TOKYO—Richard Torrez Jr. went into the Olympic boxing ring on Wednesday with a game plan jointly concocted over the phone by his father back home in central California and by Billy Walsh, his national team’s head coach in Tokyo.
The 22-year-old super heavyweight from Tulare then executed the plan perfectly and repeatedly until his Kazakh opponent’s face was split too far open to continue the third round, thanks to a brutal barrage of Torrez’s confounding overhand lefts.
Torrez advanced to the Olympic final on Sunday, when he'll have a chance to be the first U.S. super heavyweight to win gold since Riddick Bowe in 1988.
He could even be the first American man to win boxing gold in 17 years—but only if featherweight Duke Ragan and lightweight Keyshawn Davis don’t beat him to it in the ensuing three days.
Afterward, Torrez lavished praise on his coaches and the revitalized national team program that has put this genial hulk of a fighter in position to join the American greats of his sport—a generation after the U.S. boxing team’s Olympic prime seemed to have passed.
The Americans are heading home from Tokyo with four medals, the most boxing hardware they’ve claimed since 2000—and three could still be gold.
“Everyone here has believed in me,” Torrez said. “This isn’t a shock to them. This isn’t a shock to my dad. This isn’t a shock to Coach Billy. I think they all believed in it even more than I did. ... I’m just a vessel. This is for everybody that’s worked so hard with our team.”
Torrez’s success is emblematic of the work done in the past half-decade by Walsh, who has led the revitalization of the team that still leads the overall Olympic boxing table in gold medals and total medals despite winning rarely in the 21st century.
Dominant middleweight Claressa Shields is the Americans’ only gold medalist in 17 years, and the men won only three medals in the previous three Olympics combined.
After Walsh left the Irish Olympic boxing program he had built into a powerhouse that punched well above its weight, he accepted the enormous challenge of leading the national team for USA Boxing, which epitomized the gifted fighter who can’t get the most out of his many natural advantages.
Previous U.S. coaches fought bitterly with their boxers’ home trainers, who didn’t trust them. USA Boxing’s infrastructure was battered by frequent turnover.
Many American fighters understandably turned pro instead of waiting out four-year Olympic cycles, while others struggled to adapt their styles to the disciplined, high-activity performances necessary to thrive in the “amateur” sport.

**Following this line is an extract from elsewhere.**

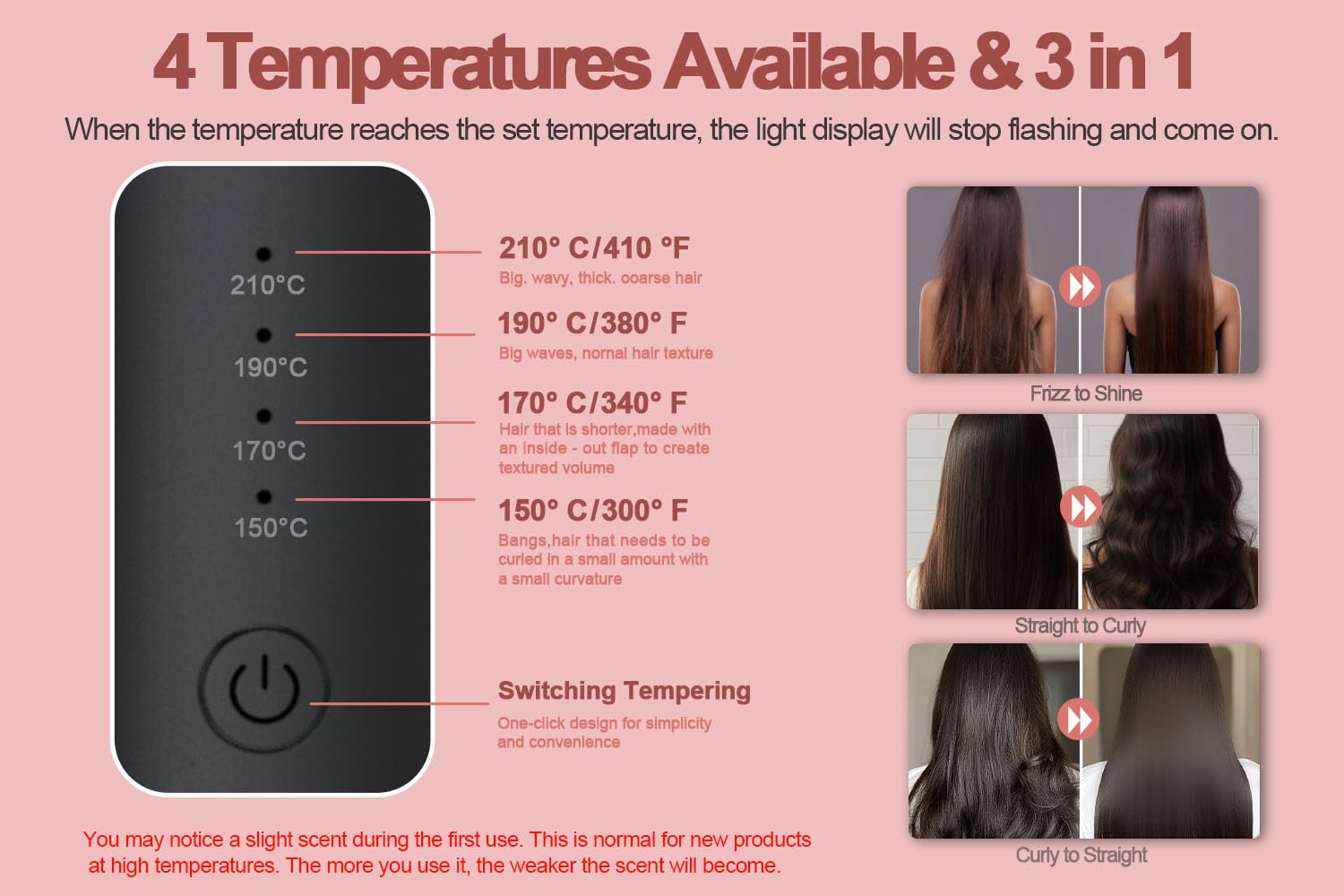 - 【4-Level Temperature Control】The rechargeable mini hair curler has four adjustable temperature settings to suit different hair types, helping you achieve perfect curls or sleek straight styles. For the best results, allow the device to fully reach the set temperature before use for optimal styling.

“The (challenge) is massive, because the system within the country is based around professional boxing,” Walsh said. ”Every gym is training the next pro for a world title, so the vision of the Olympic Games is not there, and it still isn’t in some places. That was the biggest thing: Going there and trying to give them the platform of the Olympics to launch them to world championships.”
Fighter by fighter, Walsh has built trust and teamwork. He also acknowledges he found excellent Olympians for this cycle: Ragan, Davis and middleweight Troy Isley all turned pro in the past year, but eagerly returned when they were added to the Tokyo field.
Ragan says he has spent much of the past decade back home in Cincinnati wearing a succession of T-shirts that all say, “Future Olympic Gold Medalist.” Davis has been telling his friends since childhood that he wanted a gold medal more than a professional belt—and so has Torrez.
“The big challenge was turning the switch from being that pro and fighting that slower pace and intensity,” Walsh said.
“We’ve been working on it, and each day we’re getting better. We’re getting it back to where we were. It’s a move in the right direction, and our team is growing.”
Indeed, Davis and Ragan have both managed to adjust their burgeoning pro styles back to the Olympic style, which usually rewards a high work rate and pressure over professional counterpunching and waiting for a big shot. Davis has reached the lightweight semifinals with three impressive wins even though he says he’s still not completely in sync with the amateur style.
Davis arrived in Japan riding a wave of confidence from a 3–0 start to his pro career, and he told The Associated Press he expected a gold medal to be “easy work.” The genial lightweight has changed his tune after battling to the semifinals with ample help from Walsh and USA Boxing.
“When I’m on the top of my game, it will be easy work,” said Davis, who fights Armenia’s Hovhannes Bachkov on Friday for a spot in the final. “But my coach, Billy Walsh, he said, ‘Yeah, ain’t nothing easy here.' Yeah, coach, you’re right. This is harder than I expected. All these guys come here to win gold. It’s doing nothing but making me better.”